We observe that $p$ and $q$ are so-called strong primes. According to the documentation of getStrongPrime, this guarantees that $p-1$ and $p+1$ have one large prime factor. Remark that the documentation suggests that $p$ must be strictly larger than 512, but the code accepts 512 as well. The resulting primes are multiplied to derive $n$. The loop in generate_primes tests whether $gcd(pq, (p-1)(q-1)) = 1$; the purpose of this is as of yet unclear to me.
Next, $k$, $a$ and $b$ are chosen such that $2 \le k, a, b \le n-1$, and $g = 1 + k \cdot n$. In a Diffie-Hellman-like fashion, $A \equiv g^a$ and $B \equiv g^b \mod{n^2}$, and the secret key is $B^a \mod{n^2}$.
By construction of $g$ and the Binomial theorem (1), we know that:
\begin{align} A &= g^a = (1 + kn)^a\\ &= 1 + kna + \binom{a}{2}k^2n^2 + \binom{a}{3}k^3n^3 + \ldots && (1) \\ &\equiv 1 + kna \mod{n^2} \\ \end{align}
As division in equivalence classes always feels tricky, let’s rewrite it as follows (for some $l \in \mathbb{Z}$):
\begin{align} A &\equiv 1 + kna \mod{n^2} \\ A &= 1 + kna + ln^2 \\ kna &= A - 1 + ln^2 \\ ka &= \frac{A - 1}{n} + ln \\ \end{align}
Switching back to equivalence modulo $n$, we can use the modular inverse of $k$ to compute $a$
\begin{align} ka &\equiv \frac{A - 1}{n} \mod{n} \\ a &\equiv \frac{A - 1}{n} \cdot k^{-1} \mod{n} \\ \end{align}
As, by construction, $a < n$, this is the original value of $a$. We can now find the secret key by computing $B^a \mod{n^2}$ and use it to decrypt the flag!
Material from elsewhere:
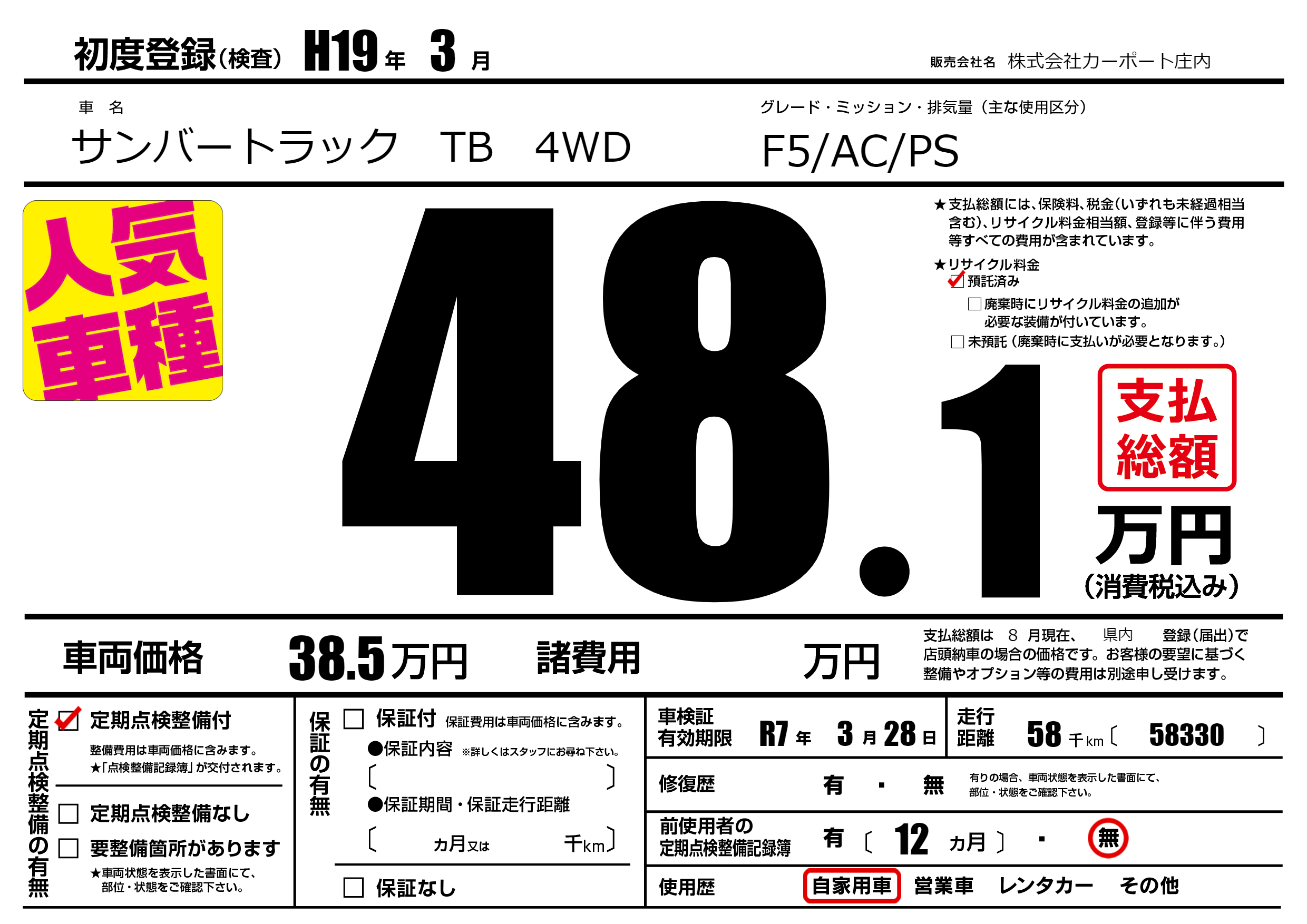 | 車名 | サンバートラック TB 4WD | グレード ミッション 排気量 |

In code, this looks as follows:
ka = (A - 1) // n
a = ka * pow(k, -1, n) % n
C = pow(B, a, n * n)
hash_secret_key = sha256(str(C).encode()).digest()
cipher = AES.new(hash_secret_key, AES.MODE_ECB)
print(cipher.decrypt(bytes.fromhex(enc)))
The flag is PWNME{Thi5_1s_H0w_pAl1ier_WorKs}, referencing the Paillier cryptosystem.